Question: What were the biggest changes made from book to film?

Ashley Williams: I laughed when I saw this question. Because SO MUCH! First, in the book, there’s Kim was a reporter for the Chicago Tribune, not a TV reporter. Aside from that, though, the film focuses specifically on Afghanistan. During the years Kim was over in Asia, she was based in India, and shuffled between Afghanistan and Pakistan with some regularity (hence the book title, The Taliban Shuffle). The whole Pakistan experience is missing from the film; but in the book, we get a good glimpse of the political climate in both places during the War and how that impacted our military effectiveness. Also, the Billy Bob Thornton character isn’t in the book.

Question: What did casting bring to the experience?

Ashley Williams: Tina Fey was spot on. Farouq, too. No one else really matters in going from page to screen because the other film characters are amalgams of people in the book.

Stephen Brown: Tina Fey owned the part with such command that I could imagine no one else in the role. I’m delighted she went out on this limb.

Question: Memoirs are notoriously tricky to adapt. They can range from cerebral (think My Week with Marilyn based on The Prince, the Showgirl and Me: Six Months on the Set with Marilyn and Olivier by Colin Clark) to adventurous (such as 127 Hours based on Between a Rock and a Hard Place by Aron Ralston). Where does this adaptation of The Taliban Shuffle fit in?

Stephen Brown: Despite the fact that it is very entertaining, this film won’t go down as among the best of this genre.
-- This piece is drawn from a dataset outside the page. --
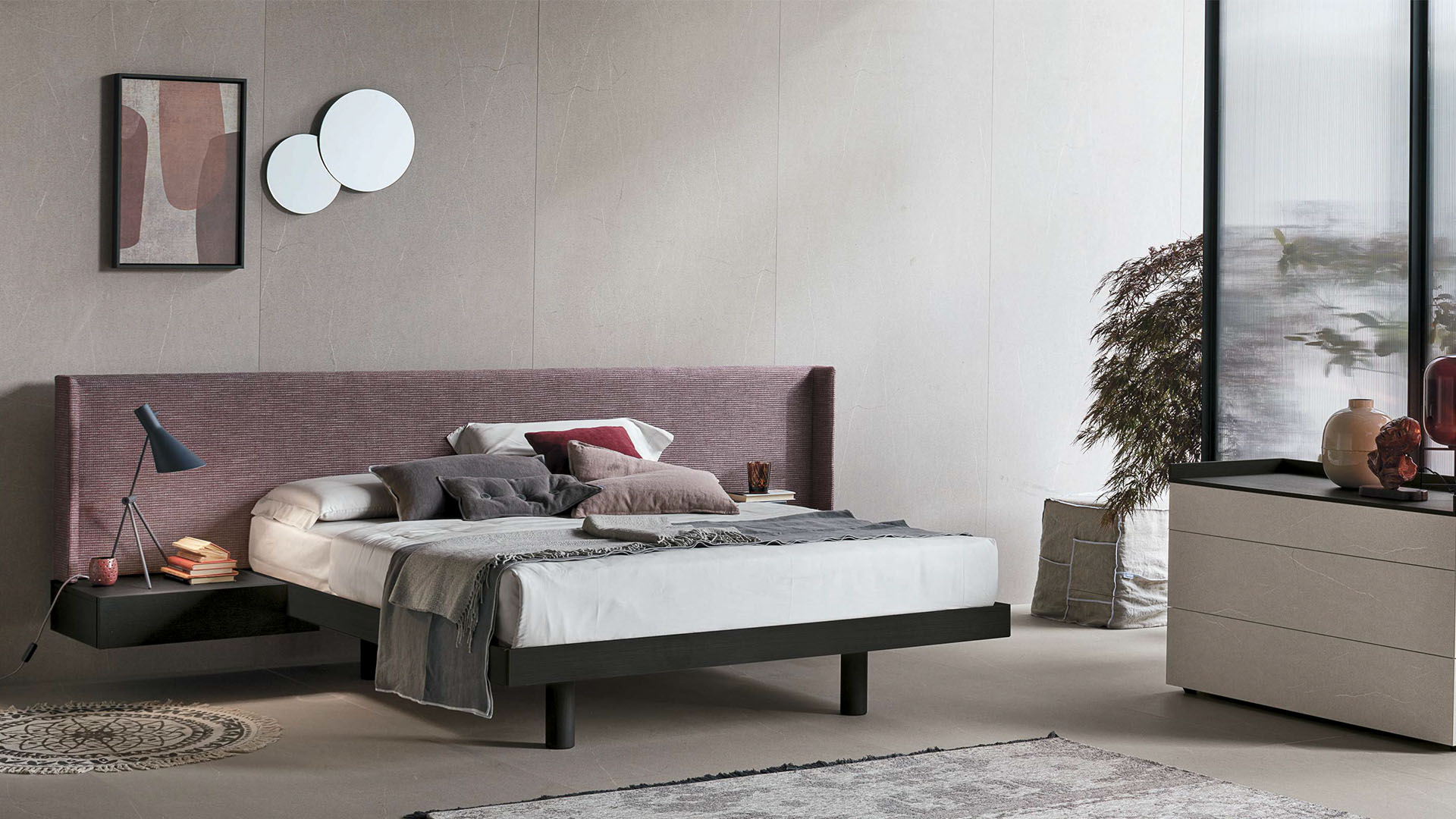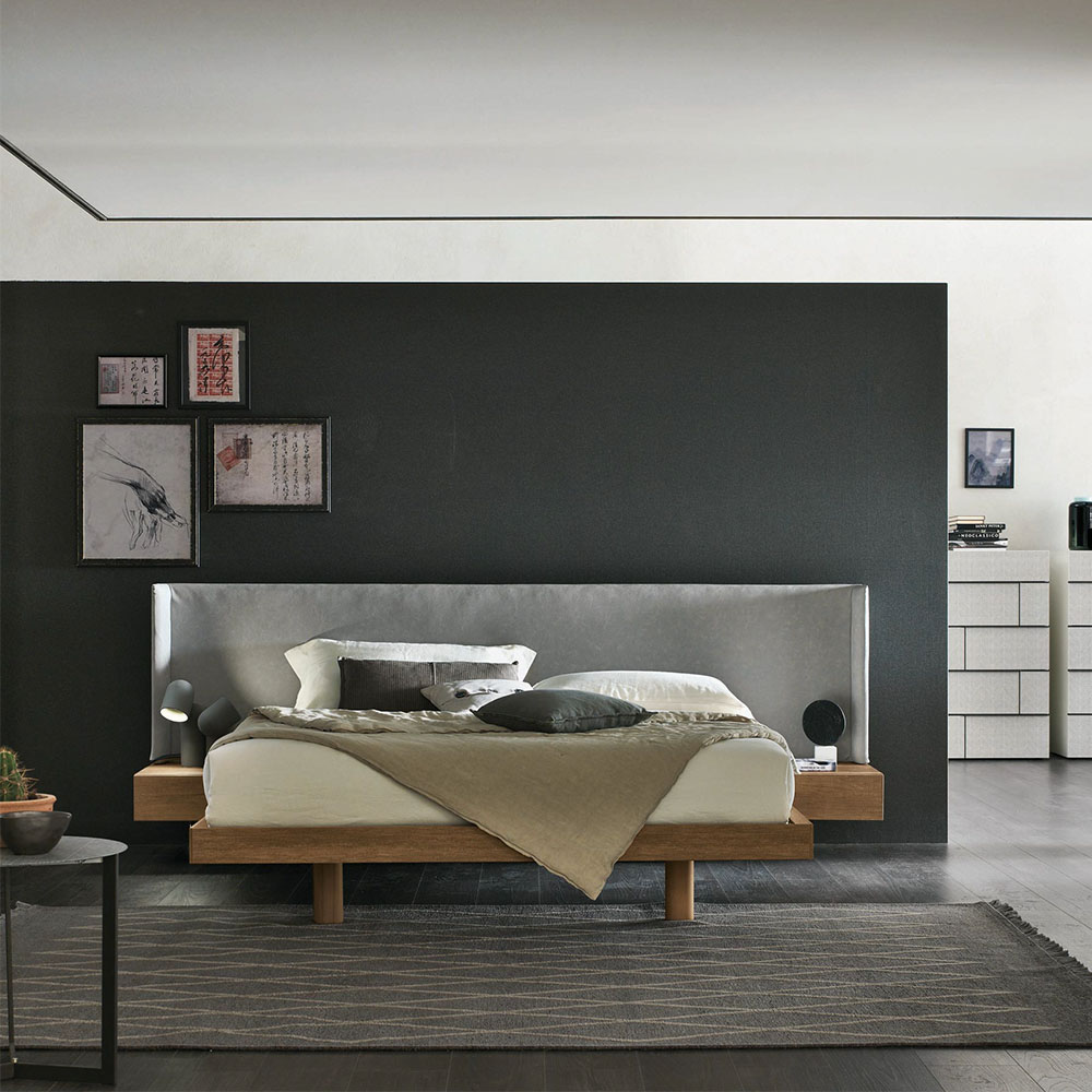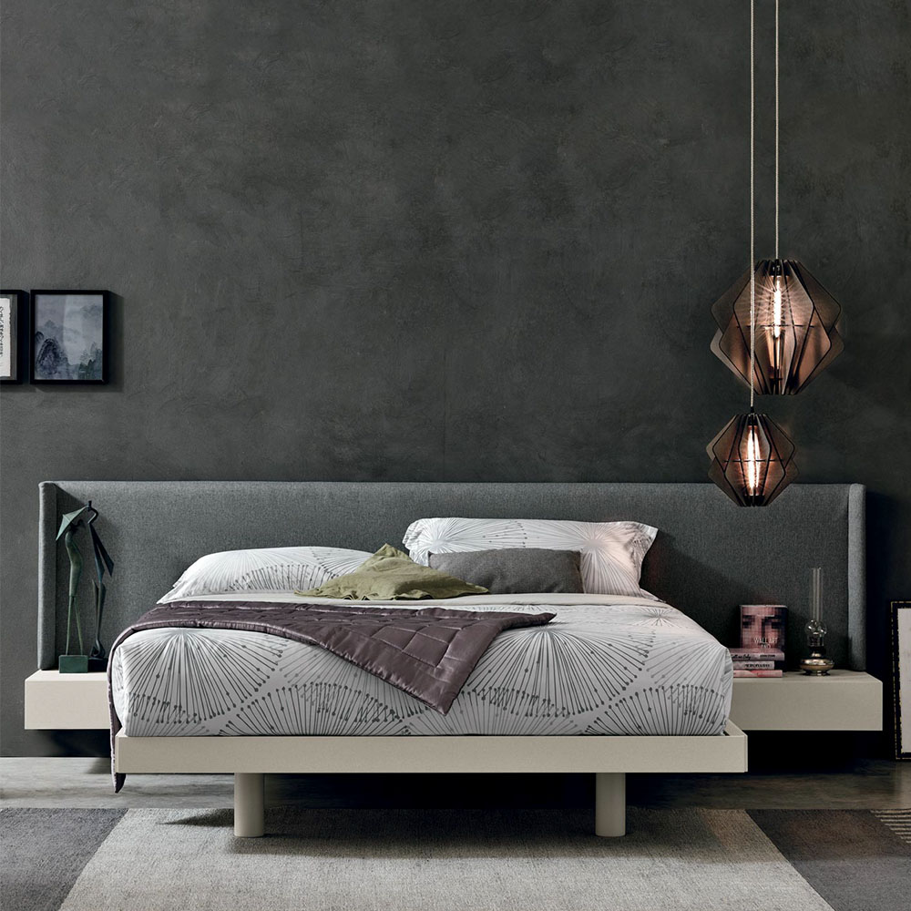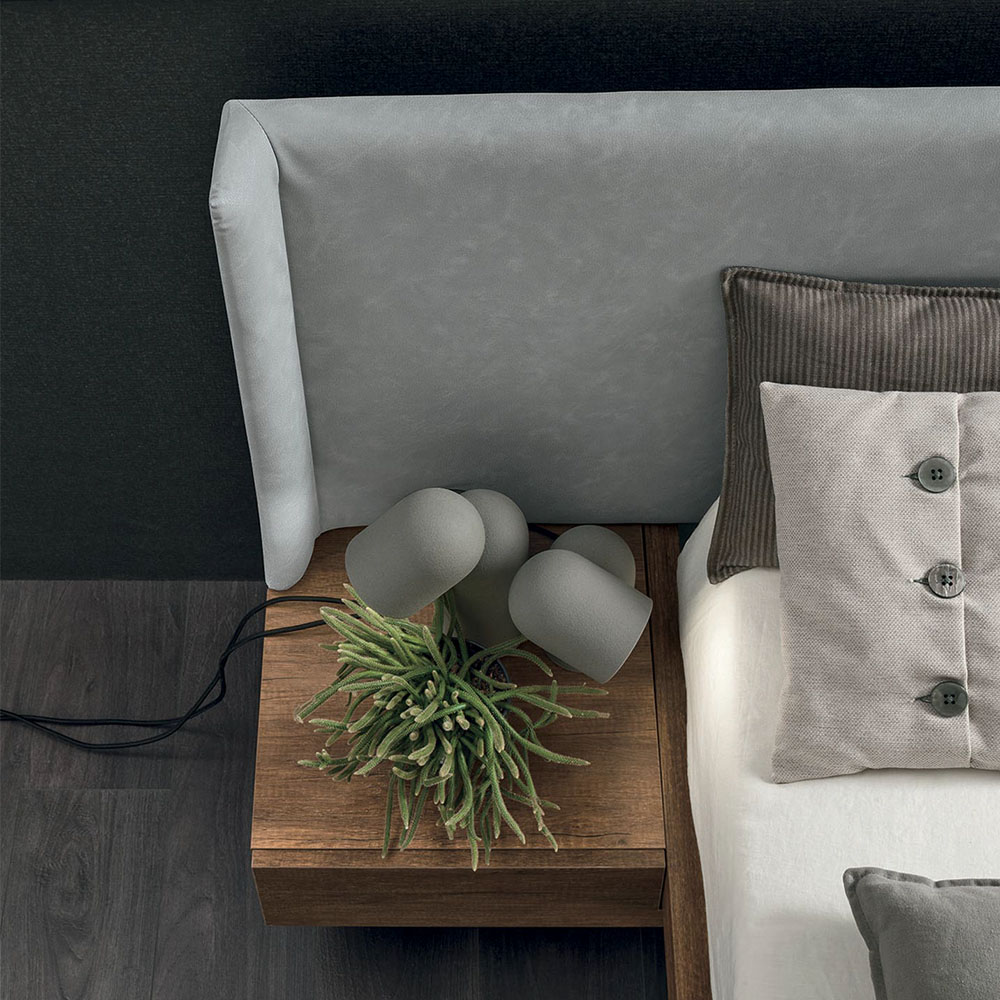 By word and by dee, the Fusion bed blends various elements together, forming a spectacular whole made up of a headboard, bed frame and bedside units.

I will say it compared favorably to Eat, Pray, Love and was an interesting examination about what an unmarried single woman in mid-life can do to shake things up considerably. These memoirs seemed destined to get the movie treatment.

Ashley Williams: I agree that the book won’t go down in history the way a memoir of say, Sandra Day O’Connor or Ruth Bader Ginsberg might. And I admittedly haven’t read many other memoirs of reporters embedded in Iraq and/or Afghanistan. The film and book are so different, I really am not sure they are comparable. But comparing this memoir to the book Eat, Pray, Love or the inexplicably popular Wild, the difference for me is that Barker doesn’t come out of this with an amazing epiphany or self-actualization moment. She’s an ordinary woman who ended up in this extraordinary situation and she learned a lot about herself, but I read this more as an exploration of how running from something can take us to places we never expected. That circumstances can drag us more deeply into something than we desire, and at some point, we have to decide how we want to live.

Did you have favorite plot points?

Stephen Brown: There weren’t that many standout moments, but I actually liked a sequence in the last fifteen minutes when a minor character is re-introduced, and a moment of catharsis ensues.

Ashley Williams: It’s so funny that Stephen mentions his favorite fifteen minutes at the end of the film, because this was glossed over in the book, awarded three to five sentences max. For me, in the book, it was Kim’s going away party, the resolution of her friendship with Farouq.

Question: So was it overall something you’d recommend?

Ashley Williams: Yes, both the book and the film. The book because it’s a perspective I don’t think we have seen a lot of in a tense region that is so different than our own. And the film because I was thoroughly entertained.

Stephen Brown: Absolutely. I was very pleasantly surprised and entertained. This isn’t one of those film experiences that stays with you a long time, but it is far more accomplished than expected.